Raids by German police or customs officers had become a regular feature of shows such as Cebit, in Hanover, and IFA, in Berlin, in recent years, often at the instigation of an Italian company, Sisvel, which licenses patented technology essential to the manufacture of MP3 players.
At this year’s Cebit, though, things were a little quieter, thanks in part to the intervention of a team of mediators from a new organization, the China IPR Desk, supported by China’s Ministry of Commerce and the European Commission.
To avoid costly legal action, “we thought we would try mediation, bringing companies together that are not yet partners,” said team leader Carlo Pandolfi. The process also allows them to advise companies that don’t know about laws governing patent licenses, or don’t have the language skills to negotiate a license, he said.
In principle, the mediators wait for companies to approach them, but in practice, said team member Wu Zhuomin, work began long before the show. “We contacted Chinese companies to let them know what the legal situation is in Germany, asking them to be sure their products don’t infringe patents and other rights,” he said.
Sisvel takes a similar approach, studying exhibitor lists ahead of shows to identify companies that are not yet licensees of its patents that are likely to display infringing products, said Thomas Hartmann, managing director of Sisvel Germany. Exhibitors that declined an invitation to sign a patent licensing agreement in previous years might well have had potentially infringing products seized by police on the opening day of the show, for use as evidence in legal proceedings, he said.

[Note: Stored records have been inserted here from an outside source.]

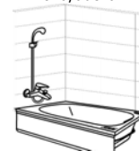
Figura 3: Monomando ó Combinación tina/ducha

NOTA: Si la bañera es desplazada desde uno o ambos muros en la instalación, considere la distancia en las cotas indicadas.
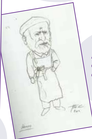
AROTZA: Artisan lanei eskeinia, bereziki inguruan egindako zintzarriei.
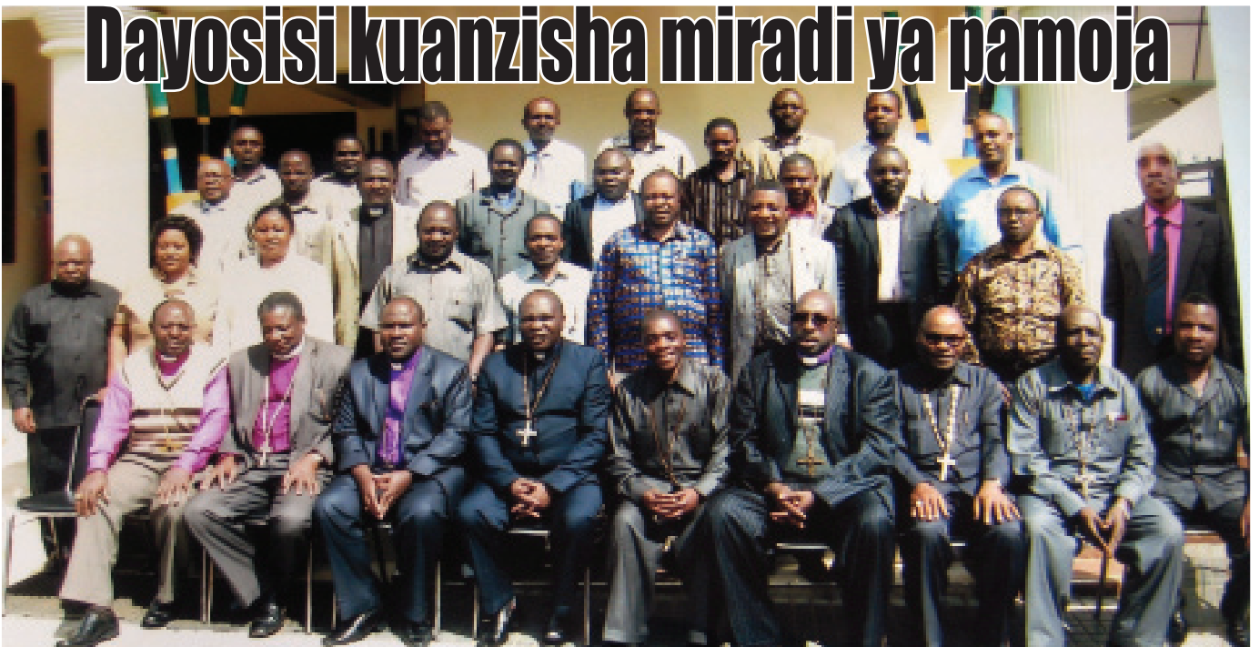
Picha ya pamoja ya viongozi wa Dayosisi na washiriki wengine toka Ukanda wa Kusini (Southern Cluster) waliohudhuria warsha mjini Morogoro hivi karibuni na kupatana kuanzisha miradi ya kiuchumi katika ukanda huo. Washiriki walitoka Dayosisi za: Kusini, Konde, Iringa, Mashariki na Pwani, Morogoro, Dodoma, Ulanga-Kilombero, Kusini Kati, Kusini Magharibi, Kusini Mashariki, Ruvuma na Ziwa Tanganyika.

Pushing for criminal legal proceedings during the show is the only way patent owners can protect their rights, said Hartmann. Civil proceedings would be too slow, leaving companies free to exhibit and sell infringing products, he said.
Perhaps encouraged by the efforts of the Sino-European mediation team, “quite a lot of companies came at the beginning of the fair, saying ‘we might have a problem, how can we solve it?'” he said.

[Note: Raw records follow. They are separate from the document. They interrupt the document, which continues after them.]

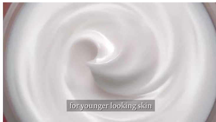
Gambar2. Penggambaran produk SK II R.N.A Airy

Lebih lanjut untuk mendekati calon “pemuja kemudaan” potensial mereka dalam iklan baik yang tayang di TV komersil maupun media sosial dengan cara menggunakan Bahasa misterius. Penggunaan bahasa misterius ini seperti penggunaan Bahasa Latin dalam agama Katholik, agama Yahudi menggunakan Bahasa Hebrew, atau Mason yang menggunakan password [11]. Hal ini dapat dilihat dalam iklan SK II R.N.A Airy dan di dalam laman resmi milik SK II https://www.sk-ii.com/our-products dan https://sk-ii.co.id/our-products untuk laman resmi SK II Indonesia.
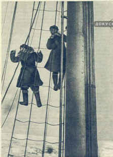
Где-то впереди лодка Папанина...
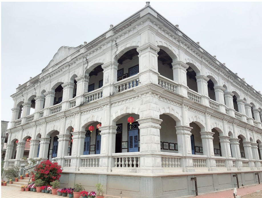
圖 5 陳景蘭洋樓
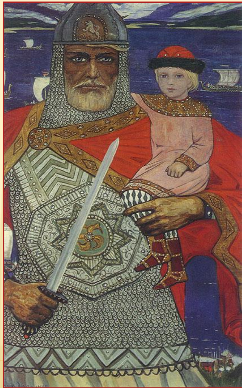
Князь Олег с маленьким Игорем
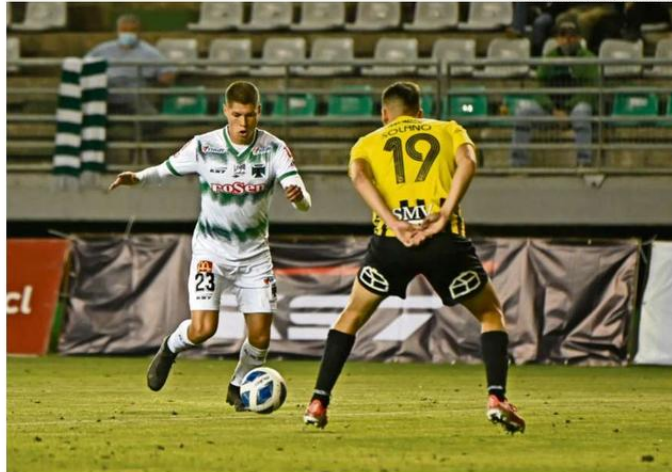
DESDE LA TEMPORADA 2022 QUE NO SE ENFRENTAN DEPORTES TEMUCO Y ARTURO FERNÁNDEZ VIAL.

En la jornada, el club también ratificó el arribo de su
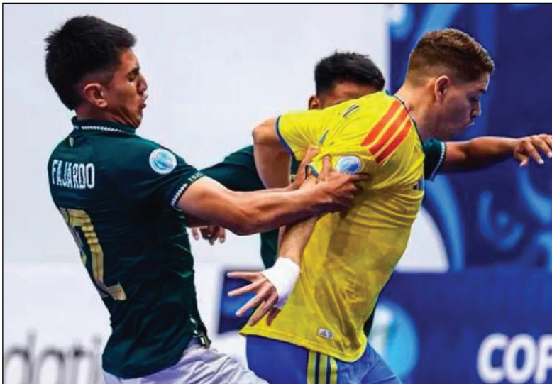
Una acción del partido en el cual Bolivia perdió ante Colombia

El torneo, por su parte, empieza a perfilar a sus candidatos más sólidos. Perú, con un ataque contundente y defensa ordenada, se erige como el gran favorito del Grupo “A”; Venezuela, con su triunfo sobre Chile, se posiciona como la revelación del campeonato. Brasil, siempre candidato, mantiene su jerarquía y experiencia. Argentina y Uruguay, aunque con altibajos, siguen en carrera y podrían sorprender en la recta final. La Copa América de Futsal 2026 entra en su fase decisiva. Los equipos líderes buscan asegurar su pase a semifinales, mientras los rezagados luchan por no quedar en el fondo. El torneo tendrá jornada de descanso este martes, la competencia se reanuda el miércoles, pero en esa jornada, Bolivia tendrá descanso, recién el jueves jugará su último partido de esta primera fase del campeonato, frente a Venezuela.

But for others, mediation is just another way to stall for time, he said.
Until now, the focus for both sides has been on persuading Chinese companies to pay to license technology developed in the U.S. or Europe, but as the Chinese develop an increasing body of intellectual property of their own, they are starting to take an interest in licensing that to Western companies.
“Chinese people are also creative and developing things. Patents are being registered there,” said Hartmann. “We are talking with quite big Chinese companies to evaluate their patents and license them,” he said.
Over at the China IPR Desk, team member Wang Xuming also sees signs that the tables might one day be turned. “Chinese companies are very interested in whether we offer the service for Chinese rights holders,” he said.
But perhaps the switch has already occurred: In 2008 a Chinese company, Huawei Technologies, was the top applicant for international patents under the World Intellectual Property Organization’s Patent Cooperation Treaty, which allows applicants to protect an invention in a large number of countries with a single filing.